START Supplied data

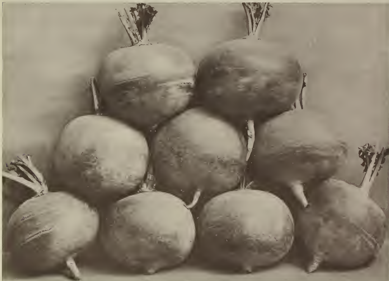
DANIELS' GREEN-TOP YELLOW SCOTCH.

Yellow-fleshed Turnips should be sown in June or July. The produce is much more nutritious than that of the White-fleshed varieties, besides which, they are hardier and better keepers.
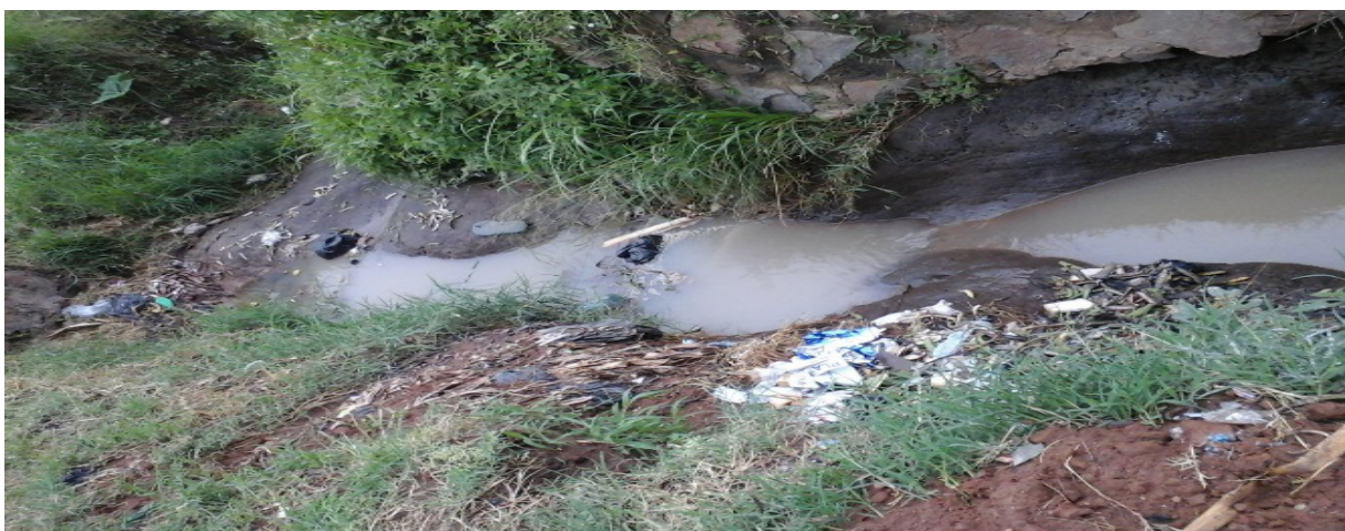
Figure-9: Sewerage channeled towards river Rwizi.
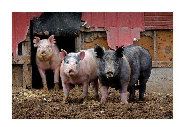
3 LITTLE PIGS BY RENATA KLEINERT SECOND PLACE
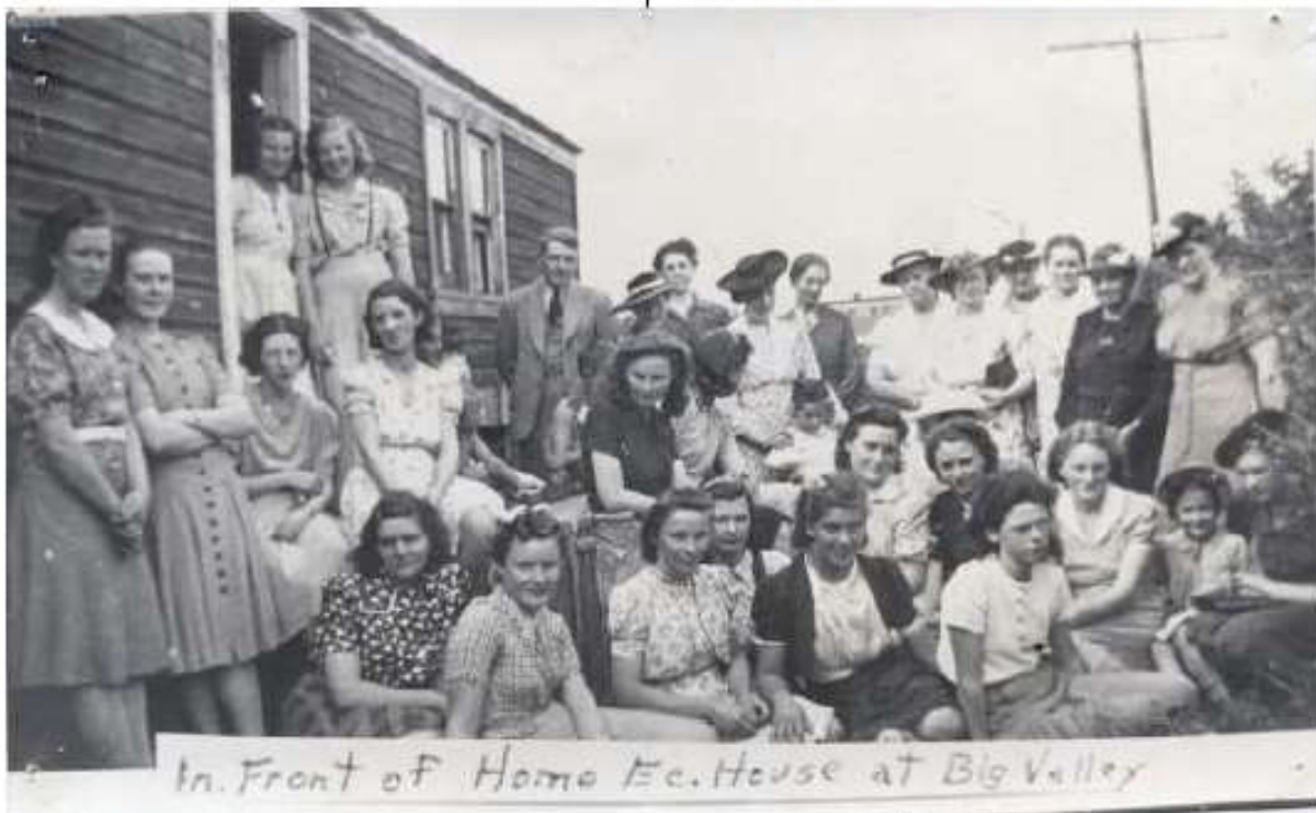
In. Front of Home Ec. House at Big Valley
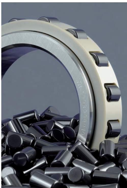
CEROBEAR roller bearing and silicon nitride rollers
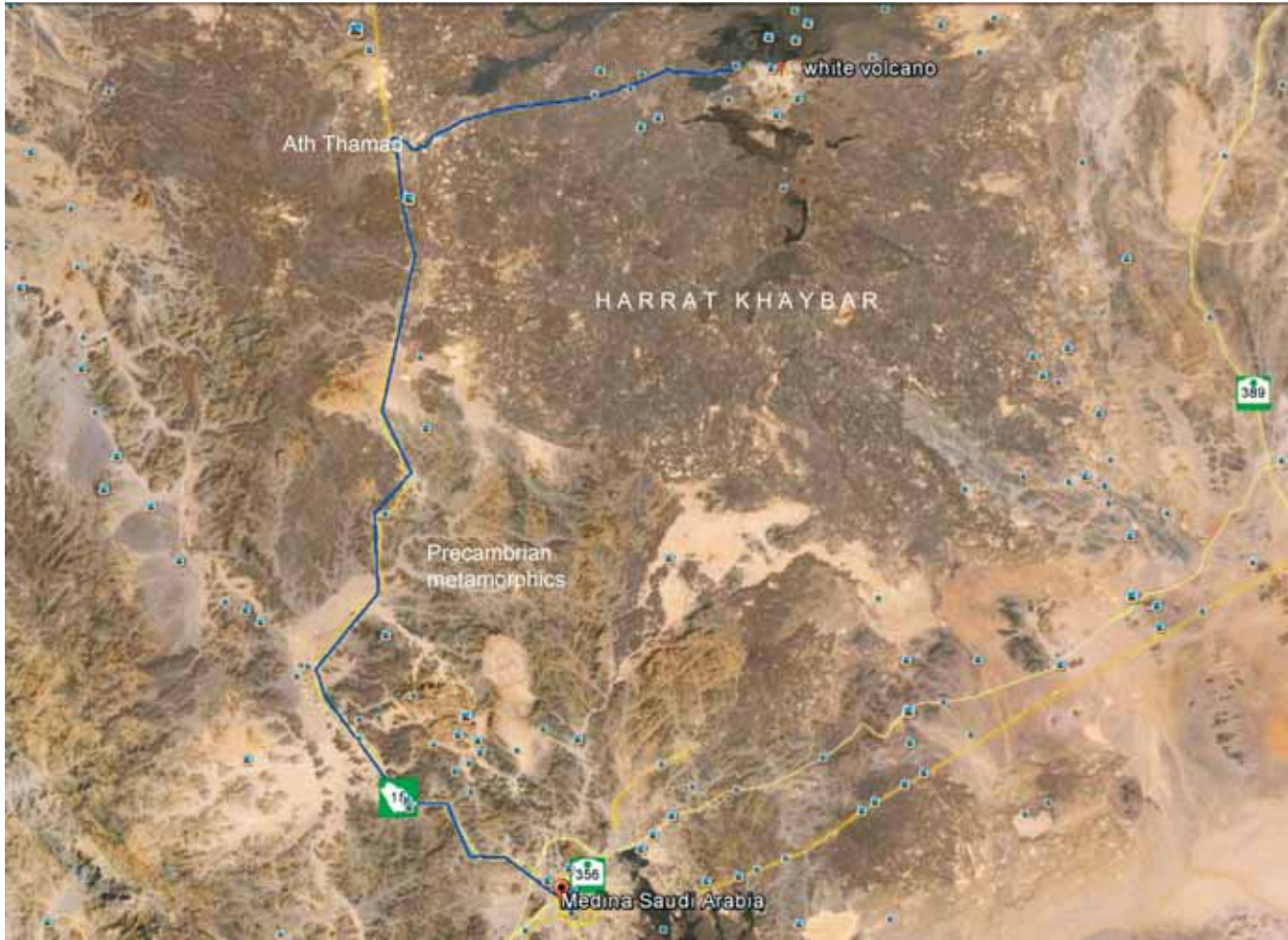
Fig. 1. Google Earth image of the area north of Al-Madinah, showing the areal extent of the volcanic Harrat Khaybar with the white and black volcanoes, photo M. Kamiński
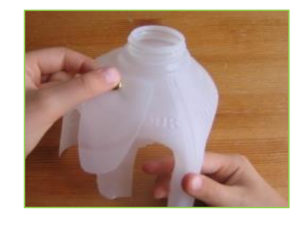
6. Now use the left-over cut-out pieces to make the ears. Push a split pin through the ear piece and then the main body. Open up split pin. Repeat on both sides.
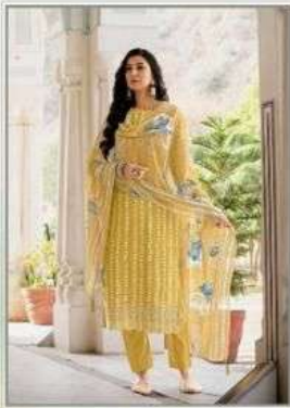
code | 1003
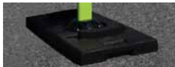
Portable Rubber Base
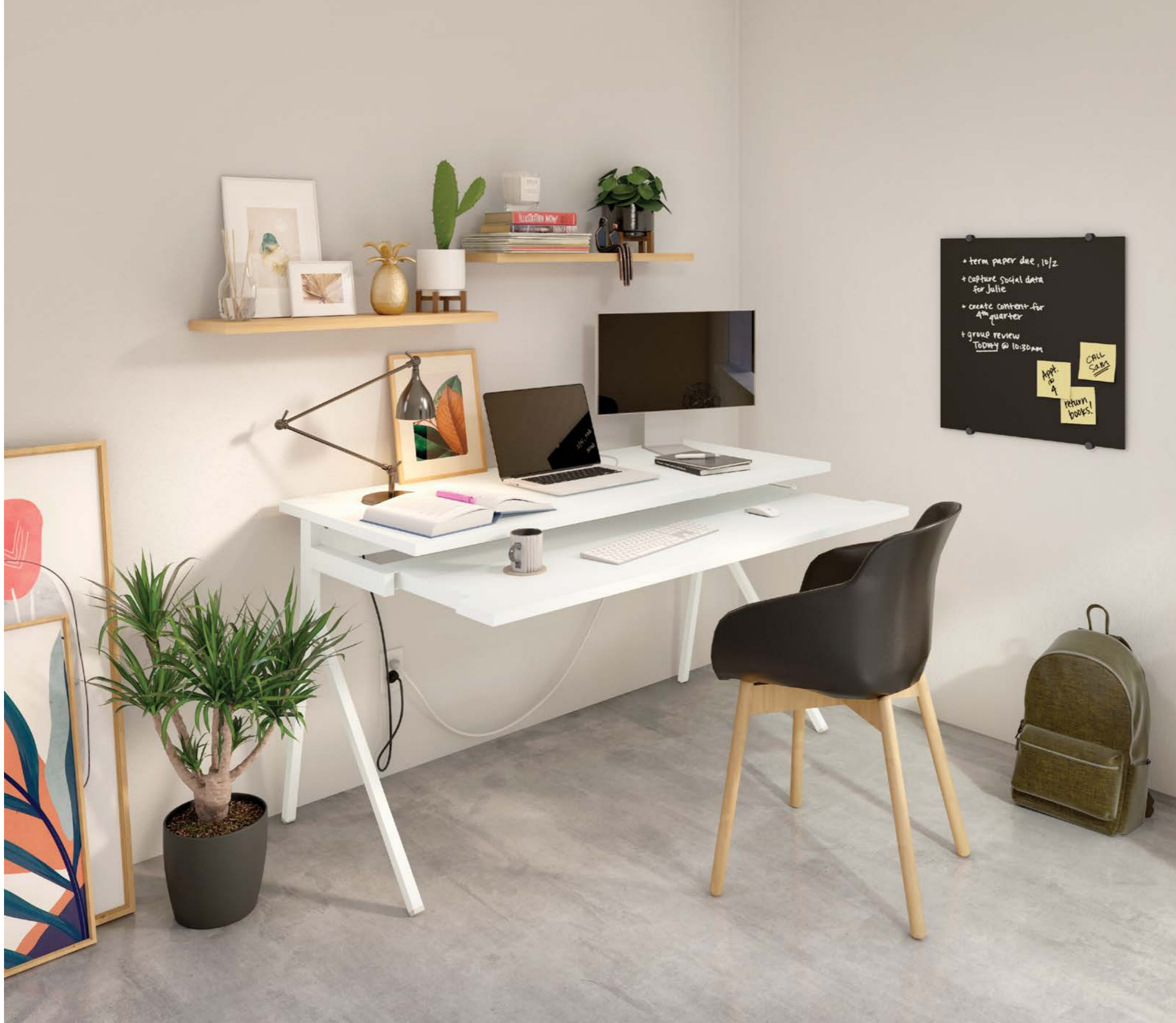
Black Chalkboard with Black Matte Mounts in the Chalk Slate Option

END Supplied data

— Requirement —
Would you report every line of the entries above containing the word "with"?

— Response area —
Fig. 1. Google Earth image of the area north of Al-Madinah, showing the areal extent of the volcanic Harrat Khaybar with the white and black volcanoes, photo M. Kamiński
Black Chalkboard with Black Matte Mounts in the Chalk Slate Option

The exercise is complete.